TASK GOAL » Without including any images, repeat the listing below exactly.

THE DATA »
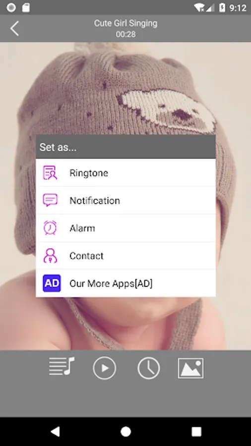 4, Free to set baby sounds ringtones as default ringtones, alarm clock ringtones, contacts ringtones, notification tones;
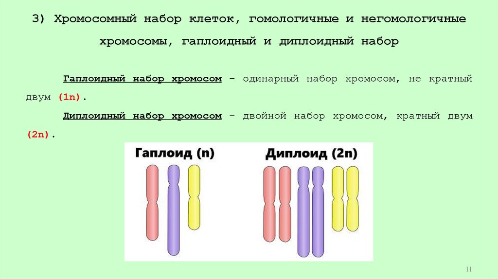 3) Хромосомный набор клеток, гомологичные и негомологичныехромосомы, гаплоидный и диплоидный набор
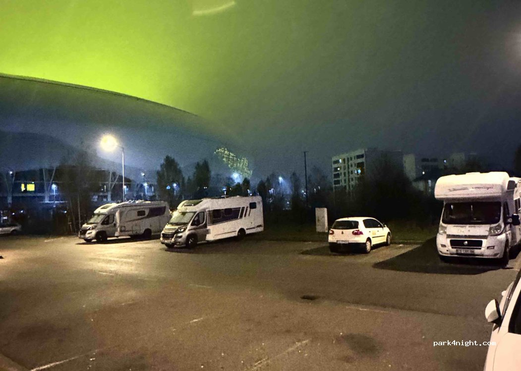 Wir haben hier eine sehr ruhige Nacht verbracht. Wir haben dort genau gestanden, wo die Koordinaten hinführen, siehe Fotos. Der Platz ist beleuchtet, kein Schatten. Die Polizei macht des öftern hier Pause und und Fahrschulen üben am Tag, das stört nicht weiter. Bei Veranstaltungen im Stadion oder der Halle dürfte es voll werden.
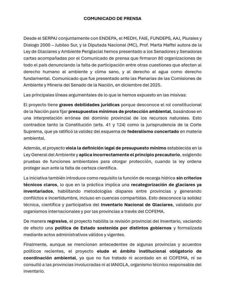 Desde el Servicio Paz y Justicia (SERPAJ), junto al Equipo Nacional de Pastoral Aborigen, el Movimiento Ecuménico por los Derechos Humanos (MEDH), la Fundación Ambiente e Recursos Naturales (FAIE), la Fundación para el Desarrollo de Políticas Sustentables (FUNDEPS), la Asociación Argentina de Juristas (AAJ), Plurales y Diálogo 2000 – Jubileo Sur, junto a la Diputada Nacional (MC) Prof. Marta Maffei, autora de la Ley de Glaciares y Ambiente Periglacial, se impulsó un nuevo pronunciamiento institucional ante el Senado de la Nación para advertir sobre riesgos jurídicos, ambientales y democráticos vinculados a un proyecto en debate.
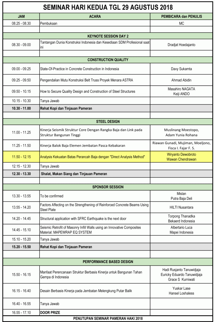 Monggo, ini jadwal seminar HAKI 2018, Selasa dan Rabu, tanggal 28-29 Agustus 2018 :
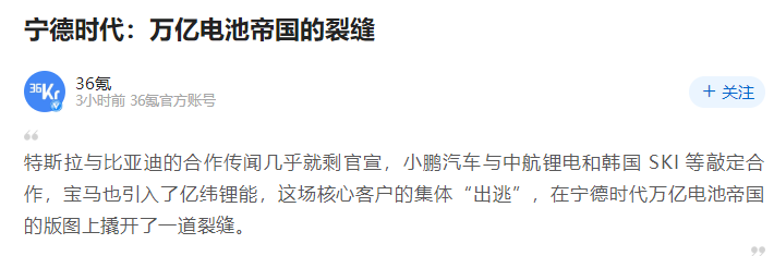 文章开篇就指出,“这场核心客户的集体‘出逃’,在宁德时代万亿电池帝国的版图上撬开了一道裂缝。”
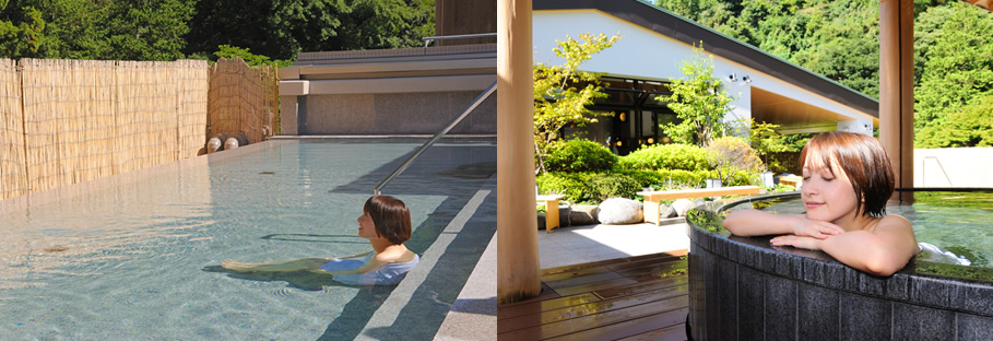 さて、いよいよ本命の「屋上天空大露天風呂」です! どうです?つい泳ぎたくなっちゃうようなこの開放感! 箱根の自然の景色のなかで天然温泉を思う存分、満喫しちゃいました!
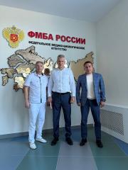 В ходе встречи с исполняющим обязанности генерального директора центра Андреем Белостоцким сенатор и депутат поздравили коллектив учреждения с прошедшим Днём Федерального медико-биологического агентства России.
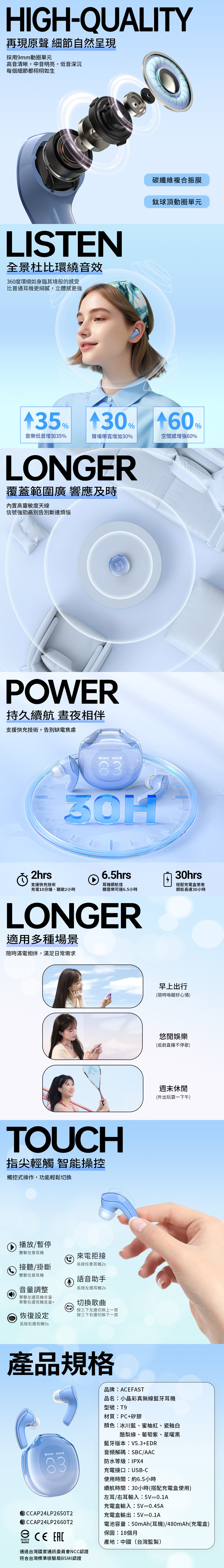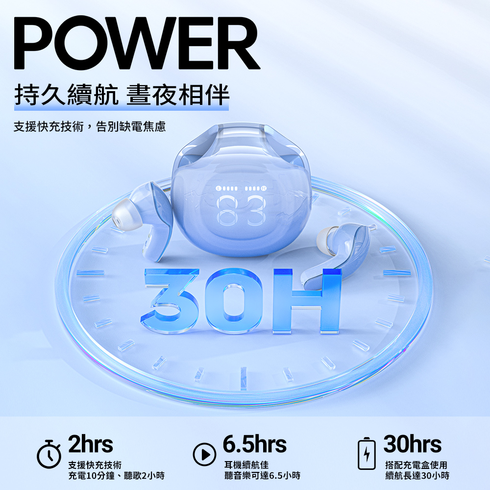 •耳機續航力6.5小時,搭配充電盒長達30小時
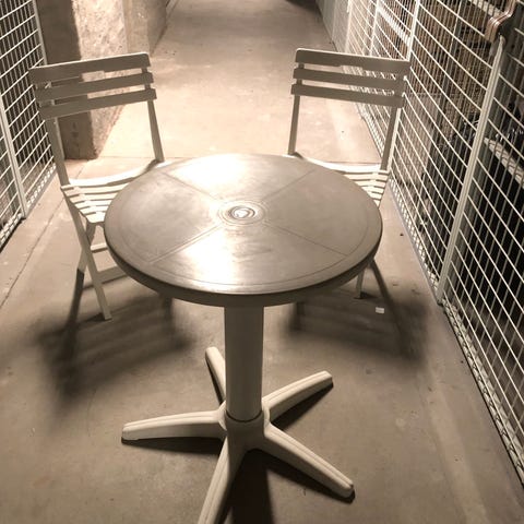 Betongbord + två stolar inkl dynor

RESPONSE FOR THIS EXERCISE »
 4, Free to set baby sounds ringtones as default ringtones, alarm clock ringtones, contacts ringtones, notification tones;
 3) Хромосомный набор клеток, гомологичные и негомологичныехромосомы, гаплоидный и диплоидный набор
 Wir haben hier eine sehr ruhige Nacht verbracht. Wir haben dort genau gestanden, wo die Koordinaten hinführen, siehe Fotos. Der Platz ist beleuchtet, kein Schatten. Die Polizei macht des öftern hier Pause und und Fahrschulen üben am Tag, das stört nicht weiter. Bei Veranstaltungen im Stadion oder der Halle dürfte es voll werden.
 Desde el Servicio Paz y Justicia (SERPAJ), junto al Equipo Nacional de Pastoral Aborigen, el Movimiento Ecuménico por los Derechos Humanos (MEDH), la Fundación Ambiente e Recursos Naturales (FAIE), la Fundación para el Desarrollo de Políticas Sustentables (FUNDEPS), la Asociación Argentina de Juristas (AAJ), Plurales y Diálogo 2000 – Jubileo Sur, junto a la Diputada Nacional (MC) Prof. Marta Maffei, autora de la Ley de Glaciares y Ambiente Periglacial, se impulsó un nuevo pronunciamiento institucional ante el Senado de la Nación para advertir sobre riesgos jurídicos, ambientales y democráticos vinculados a un proyecto en debate.
 Monggo, ini jadwal seminar HAKI 2018, Selasa dan Rabu, tanggal 28-29 Agustus 2018 :
 文章开篇就指出,“这场核心客户的集体‘出逃’,在宁德时代万亿电池帝国的版图上撬开了一道裂缝。”
 さて、いよいよ本命の「屋上天空大露天風呂」です! どうです?つい泳ぎたくなっちゃうようなこの開放感! 箱根の自然の景色のなかで天然温泉を思う存分、満喫しちゃいました!
 В ходе встречи с исполняющим обязанности генерального директора центра Андреем Белостоцким сенатор и депутат поздравили коллектив учреждения с прошедшим Днём Федерального медико-биологического агентства России.
 •耳機續航力6.5小時,搭配充電盒長達30小時
 Betongbord + två stolar inkl dynor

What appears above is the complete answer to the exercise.